Let's go over what exactly is happening in this code.

/-  sole
/+  generators
=,  [sole generators]

Here we bring in some of the types we are going to need from /sur/sole and gates we will use from /lib/generators. We use some special runes for this.

/- is a Ford rune used to import types from sur.

/+ is a Ford rune used to import libraries from lib.

=, is a rune that allows us to expose a namespace. We do this to avoid having to write sole-result:sole instead of sole-result or print:generators instead of print.

:-  %ask
|=  *

This code might be familiar. Just as with their %say cousins, %ask generators need to produce a cell, the head of which specifies what kind of generator we are running.

With |= *, we create a gate and ignore the standard arguments we are given, because we're not using them.

^-  (sole-result (cask tang))

%ask generators need to have the second half of the cell be a gate that produces a sole-result, one that in this case contains a cask of tang. We use the ^- rune to constrain the generator's output to such a sole-result.

A cask is a pair of a mark name and a noun. Recall that a mark can be thought of as an Arvo-level MIME type for data.

A tang is a list of tank, and a tank is a structure for printing data. There are three types of tank: leaf, palm, and rose. A leaf is for printing a single noun, a rose is for printing rows of data, and a palm is for printing backstep-indented lists.

%+  print    leaf+"What is your favorite color?"
%+  prompt   [%& %prompt "color: "]
|=  t=tape
%+  produce  %tang

Because we imported generators, we can access its contained gates, three of which we use in axe.hoon: print, prompt, and produce.

print is used for printing a tank to the console.

In our example, %+ is the rune to call a gate, and our gate print takes one argument which is a tank to print. The + here is syntactic sugar for [leaf "What is your favorite color?"] that just makes it easier to write.

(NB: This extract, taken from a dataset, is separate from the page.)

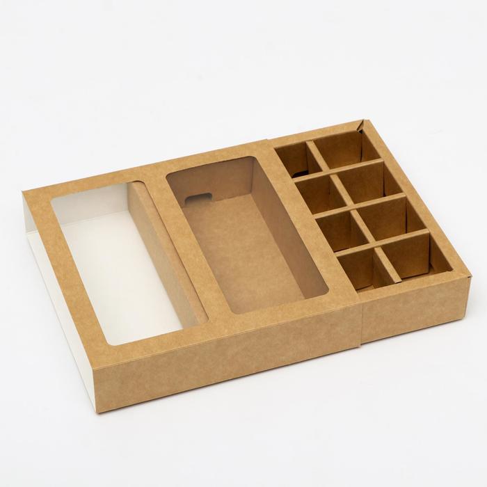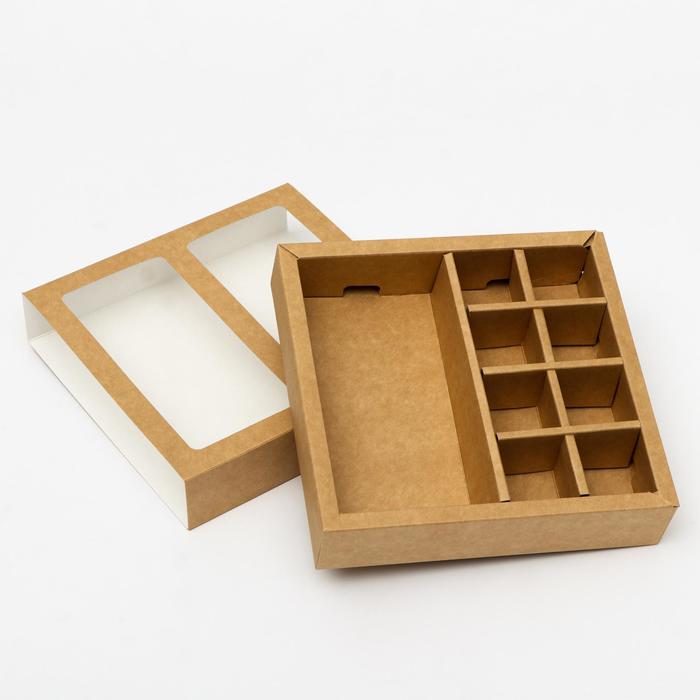 Коробка под 8 конфет + шоколад, с окном, крафт, 17×5×17.5×3.7 см — Характеристики

prompt is used to construct a prompt for the user to provide input. It takes a single argument that is a tuple. Most %ask generators will want to use the prompt gate.

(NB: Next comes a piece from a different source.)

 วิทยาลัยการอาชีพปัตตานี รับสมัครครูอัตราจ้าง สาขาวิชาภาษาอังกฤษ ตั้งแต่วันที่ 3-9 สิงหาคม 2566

The first element of the prompt sample is a flag that indicates whether what the user typed should be echoed out to them or hidden. %& will produce echoed output and %| will hide the output (for use in passwords or other secret text).

The second element of the prompt sample is intended to be information for use in creating autocomplete options for the prompt. This functionality is not yet implemented.

The third element of the prompt sample is the tape that we would like to use to prompt the user. In the case of our example, we use "color: ".

produce is used to construct the output of the generator. In our example, we produce a tang.

|=  t=tape

Our gate here takes a tape that was produced by prompt. If we needed another type of data we could use parse to obtain it.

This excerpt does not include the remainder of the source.